71 tote Flüchtlinge in Kühl-LKW Polizei hörte Schleuser bei Todesfahrt ab
14.06.2017, 20:49 Uhr
Der Lastwagen wurde auf der österreichischen A4 nahe Parndorf entdeckt.
(Foto: picture alliance / dpa)
Medienberichten zufolge hatte die ungarische Polizei die Schlepper, die 71 Flüchtlinge zwischen Österreich und Ungarn ersticken ließen, bereits im Visier. Der Fahrer des Kühllasters und seine Komplizen wurden auch am Tag der Todesfahrt überwacht.
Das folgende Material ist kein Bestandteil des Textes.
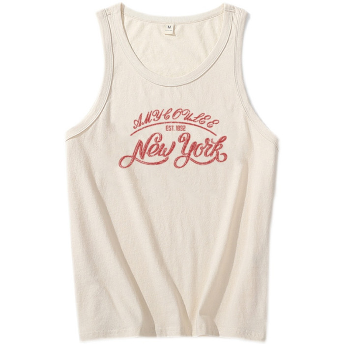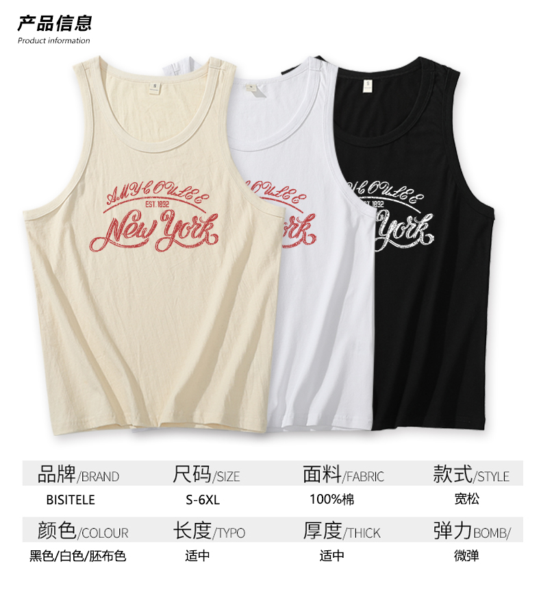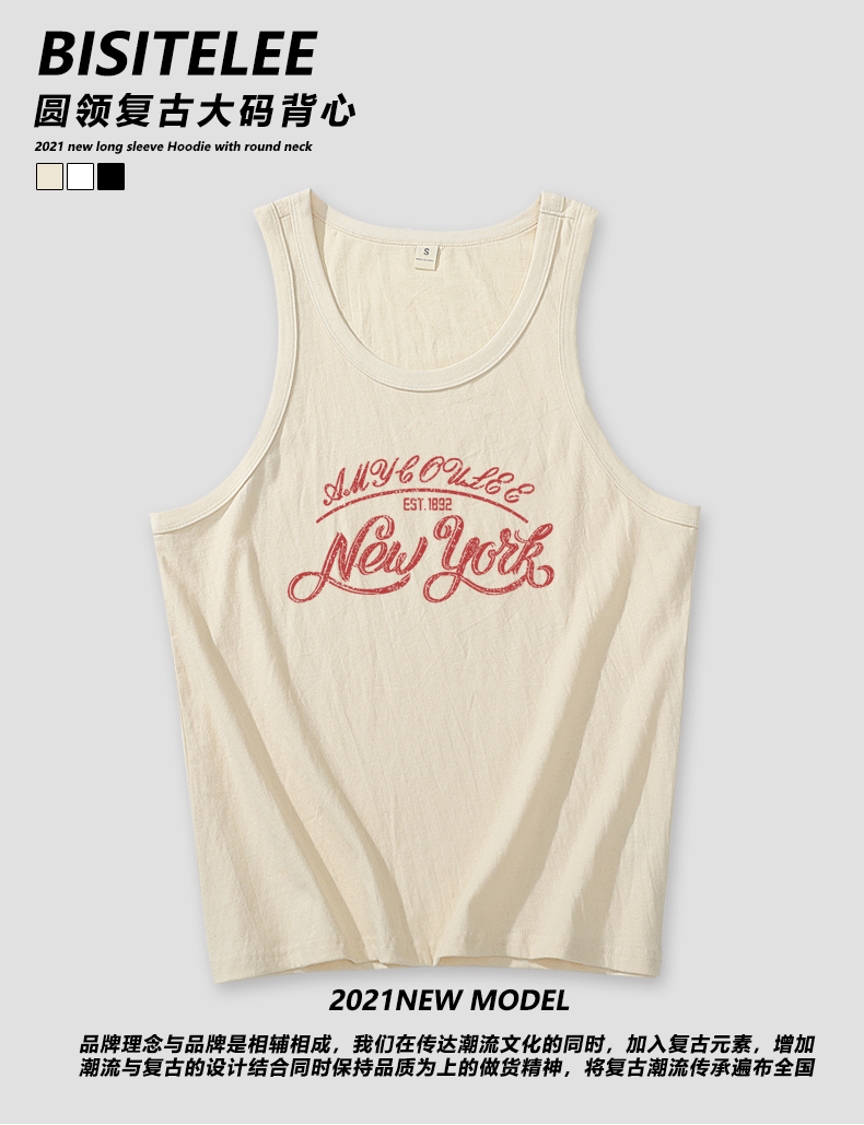 歐美復古背心運動肥佬跨欄大碼寬松夏季汗衫青年全棉打底健身男女

Die Schleuserbande, die für den Tod von 71 Flüchtlingen nahe der ungarisch-österreichischen Grenze verantwortlich ist, ist der ungarischen Polizei bekannt gewesen. Dies berichten NDR, WDR und die "SZ" unter Berufung auf die Ermittlungsakte des Falles aus dem August 2015. Demnach hörte die Polizei schon fast zwei Wochen Telefongespräche der späteren Täter ab, so auch am Tag der Tragödie. Die Flüchtlinge aus Syrien, Afghanistan, Irak und Iran erstickten im Dunkeln und wurden in Österreich in dem verlassenen LKW entdeckt.
Die Ermittler zeichneten auch ein Gespräch zwischen dem Fahrer des Kühllastwagens und einem weiteren Mitglied des Schleusernetzwerks auf. In den Protokollen sind Hinweise auf die Situation im Ladebereich des Fahrzeugs enthalten. Dem Bericht zufolge übersetzte und wertete die ungarische Polizei die Aufzeichnungen erst aus, nachdem die Toten im LKW entdeckt worden waren. In den Berichten werden die Männer wie folgt zitiert:
Ivaylo S. (Fahrer): "Wenn sie weiter so klopfen, wird man es an der Grenze hören. Dort gibt es Polizei. Was soll ich machen, wenn ich dort bin?"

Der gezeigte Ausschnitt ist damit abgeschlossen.